The patent application describes a device that analyzes video data to detect events depicted in the video using self-supervised learning techniques. The device represents spatial characteristics of an object over time, associates different portions of the data with behavioral regimes, generates ground truth labels for frames based on changes in behavioral regimes, and trains a model to detect events using the ground truth labels.

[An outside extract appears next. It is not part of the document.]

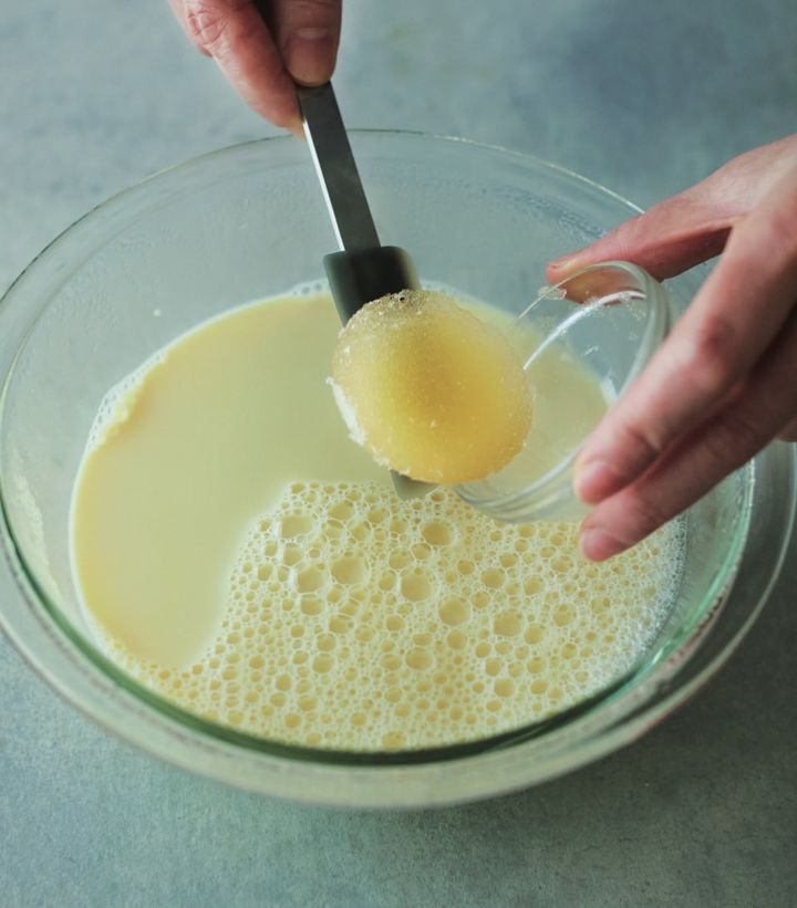 POINT ゼラチンはふやかすと、水分に溶けやすくなる。豆乳がムラなく均一にかたまるように、ゼラチンをよく混ぜて全体に行き渡らせて。
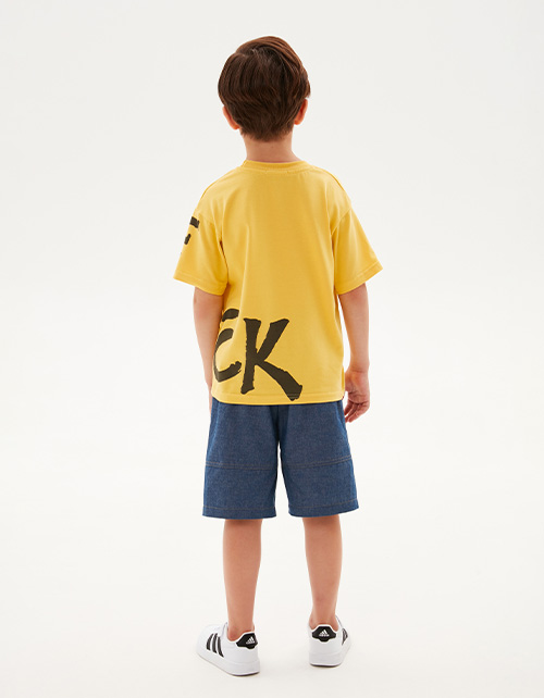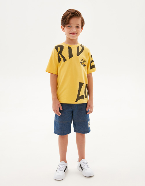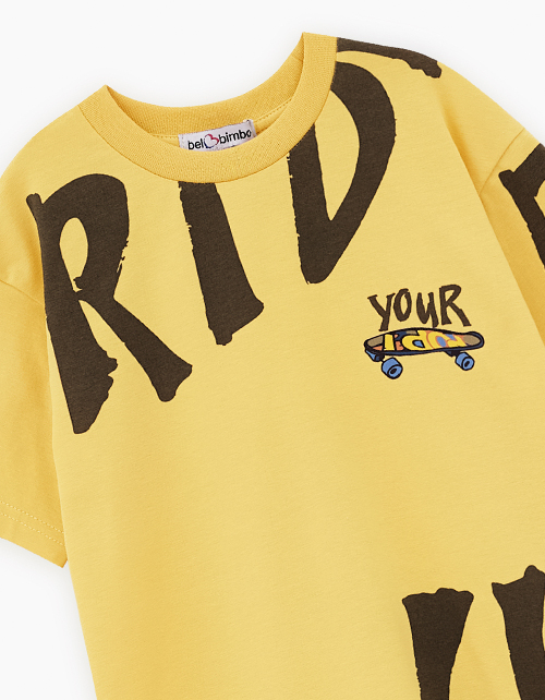 Дизайнерская футболка тёплого медового оттенка для мальчика. Прямая модель. Спущенная линия плеча. Эластичная горловина. Футболка с авторским принтом, безопасная и качественная экосольвентная печать.

  • The device analyzes video data to represent spatial characteristics of an object over time.
  • It associates different portions of the data with behavioral regimes of the object.
  • Ground truth labels for frames are generated based on changes in the behavioral regimes.
  • A self-supervised model is trained to detect events in the video data using the ground truth labels.

Potential Applications

This technology could be applied in various fields such as surveillance, sports analysis, wildlife monitoring, and human behavior recognition.

Problems Solved

This technology solves the problem of accurately detecting events in video data by associating behavioral regimes with spatial characteristics of objects over time.

Benefits

The benefits of this technology include improved event detection accuracy, automated labeling of video data, and efficient analysis of object behavior over time.

Potential Commercial Applications

Potential commercial applications of this technology include video surveillance systems, sports analytics software, wildlife tracking devices, and behavior monitoring tools.

Possible Prior Art

One possible prior art for this technology could be existing video analytics systems that use machine learning algorithms to detect events in video data.

Unanswered Questions

How does the device handle complex and dynamic environments in video data analysis?

The device may use advanced algorithms to adapt to changing environments and account for complex interactions between objects in the video data.

What are the limitations of the self-supervised model in detecting events in video data?

The self-supervised model may have limitations in detecting rare or unexpected events that are not well-represented in the training data. Additional research may be needed to address these limitations.


Original Abstract Submitted

In one embodiment, a device represents spatial characteristics of an object depicted in video data over time as one or more timeseries. The device associates different portions of the one or more timeseries with behavioral regimes of the object. The device generates ground truth labels for frames of the video data based on changes in the behavioral regimes of the object associated with those frames. The device trains a self-supervised model to detect an event depicted in the video data using the ground truth labels and their associated frames.